The first thing I hear is someone shouting “No!” in an anguished voice. I look up from the lobby to see two figures on the staircase above, on the second-floor landing. One is a guy who looks menacing and so butch he could pose for a Tom of Finland poster. An aura of danger radiates from him. Aside from his imposing and muscular frame, he’s even wearing the right clothes—tight, rolled jeans and a black leather biker jacket with a chain snaking out from beneath one of the epaulets. His high and tight buzzed hair gives him a military—and mean—air. He has his hands on the shoulders of a guy who looks a bit younger and much slighter, making me want to call up the stairs, “Why don’t you pick on someone your own size?” The smaller guy, blond and clad only in a pair of pajama bottoms, struggles with his attacker, looking terrified. Their movements, clumsy and rough, would be comical if they weren’t so scary. The smaller guy is panting and batting ineffectually at the bigger one.
“Please! No! Don’t!” the smaller guy manages to get out, his voice close to hysteria.
I have never seen either of these men before. In fact, the whole scene has the quality of the surreal, a dream. The danger and conflict pulsing down the stairs makes my own heart rate and respiration accelerate, causing feelings of panic to rise within me.
And then the worst happens.

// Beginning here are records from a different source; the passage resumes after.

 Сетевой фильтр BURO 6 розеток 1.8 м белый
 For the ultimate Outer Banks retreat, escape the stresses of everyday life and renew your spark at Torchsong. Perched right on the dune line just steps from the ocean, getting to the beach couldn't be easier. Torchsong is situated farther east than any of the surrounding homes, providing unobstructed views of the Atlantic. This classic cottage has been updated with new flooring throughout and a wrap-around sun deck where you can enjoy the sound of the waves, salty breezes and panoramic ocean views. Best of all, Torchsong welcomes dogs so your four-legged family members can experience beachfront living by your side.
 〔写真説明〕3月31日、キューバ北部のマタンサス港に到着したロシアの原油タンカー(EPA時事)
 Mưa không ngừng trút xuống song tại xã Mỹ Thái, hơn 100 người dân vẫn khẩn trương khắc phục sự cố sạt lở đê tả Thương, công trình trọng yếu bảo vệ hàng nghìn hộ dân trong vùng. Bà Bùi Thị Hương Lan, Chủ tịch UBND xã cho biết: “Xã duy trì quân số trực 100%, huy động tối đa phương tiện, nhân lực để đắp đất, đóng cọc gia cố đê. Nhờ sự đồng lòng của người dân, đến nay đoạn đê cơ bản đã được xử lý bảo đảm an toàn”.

The big butch guy shoves the smaller one hard, and all at once he’s tumbling heavily down the stairs toward me.
The fall is graceless, and it looks like it hurts. It’s over so fast that I’m left gasping.
I look up to see the leather-jacket guy sneer down at his mate, lying crumpled and crying at my feet, and then turn sharply on his heel to go back into a second-floor apartment that had been vacant yesterday. He slams the door. The sound of the deadbolt sliding into place is like the report of a shotgun. Both slam and lock resound like thunderclaps, echoing in the tile lobby, punctuation to the drama and trauma of this short scene.

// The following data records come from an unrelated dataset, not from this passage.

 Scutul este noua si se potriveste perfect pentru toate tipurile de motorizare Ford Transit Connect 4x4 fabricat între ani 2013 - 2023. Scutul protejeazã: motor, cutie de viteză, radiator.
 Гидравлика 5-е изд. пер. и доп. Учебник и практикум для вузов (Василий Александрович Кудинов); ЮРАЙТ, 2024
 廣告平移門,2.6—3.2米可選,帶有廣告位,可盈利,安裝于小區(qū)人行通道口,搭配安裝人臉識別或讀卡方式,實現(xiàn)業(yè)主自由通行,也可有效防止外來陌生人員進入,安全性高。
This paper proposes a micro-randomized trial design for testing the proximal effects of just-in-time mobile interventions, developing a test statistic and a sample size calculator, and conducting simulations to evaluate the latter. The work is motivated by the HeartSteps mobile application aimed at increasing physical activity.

I switch into Good Samaritan mode and drop to my knees at the sniveling, crumpled mess of a man lying practically at my feet.
I had that scene in mind before I even began writing. I asked myself: who are these people? What’s going on here? It really made me want to move forward, to figure out these characters and what would become of their very intertwined, complex—and dangerous—relationships.

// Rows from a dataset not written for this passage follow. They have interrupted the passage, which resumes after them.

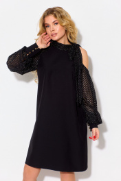 Элегантное платье-трапеция с бантом на плече Talia fashion 417 черный
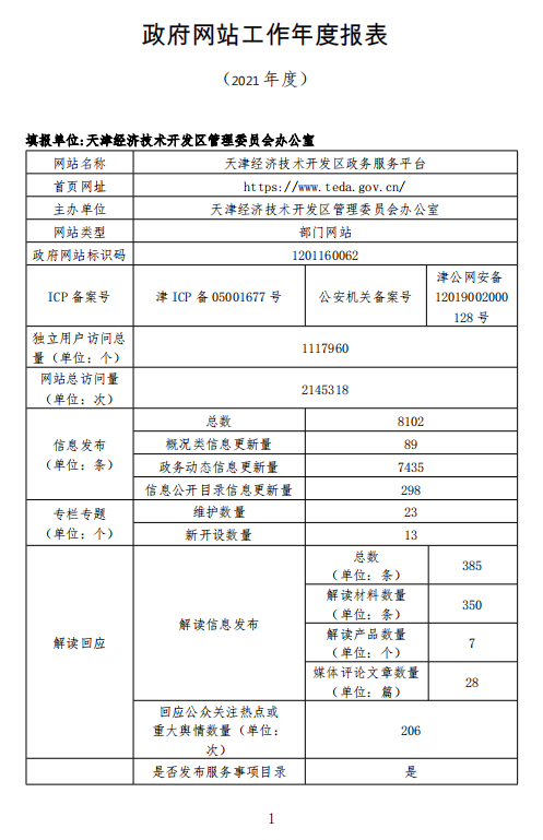 主办单位:天津经济技术开发区管理委员会 网站标识码:1201160062 | 备案序号:津ICP备05001677号 | 津公网安备 12019002000128 联系方式:xxgk@teda.gov.cn | 推荐使用IE8及以上版本浏览器浏览
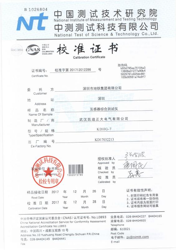 ![]() 中國測試技術研究院-KDHG互感器儀校準證書 |
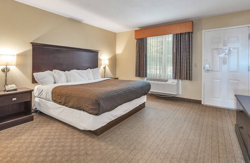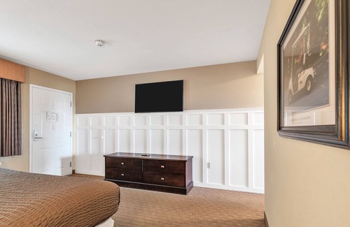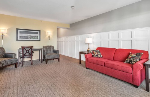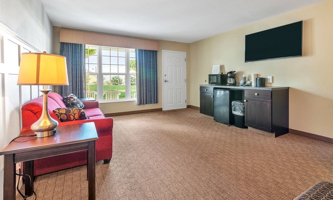Vineyard Suites 121 is a first floor suite. It is divided by the bathroom into a living room and sleeping area. The sleeping area is furnished with a king size bed and the larger living area has a full sleep sofa for that extra guest or the kids. The suite is equipped with all the amenities for an extended stay including a small refrigerator and microwave.

I hope I have that same effect on you and that you'll be compelled to keep turning those pages to see what happens next. I guarantee what happens next, in this book, is NOT what you expect!
With the couple next door, nothing is as it seems.
Jeremy Booth leads a simple life, scraping by in the gay neighborhood of Seattle, never letting his lack of material things get him down. But the one thing he really wants—someone to love—seems elusive. Until the couple next door moves in and Jeremy sees the man of his dreams, Shane McCallister, pushed down the stairs by a brute named Cole.
Jeremy would never go after another man’s boyfriend, so he reaches out to Shane in friendship while suppressing his feelings of attraction. But the feeling of something being off only begins with Cole being a hard-fisted bully—it ends with him seeming to be different people at different times. Some days, Cole is the mild-mannered John and then, one night in a bar, he’s the sassy and vivacious drag queen Vera.
So how can Jeremy rescue the man of his dreams from a situation that seems to get crazier and more dangerous by the day? By getting close to the couple next door, Jeremy not only puts a potential love in jeopardy, but eventually his very life.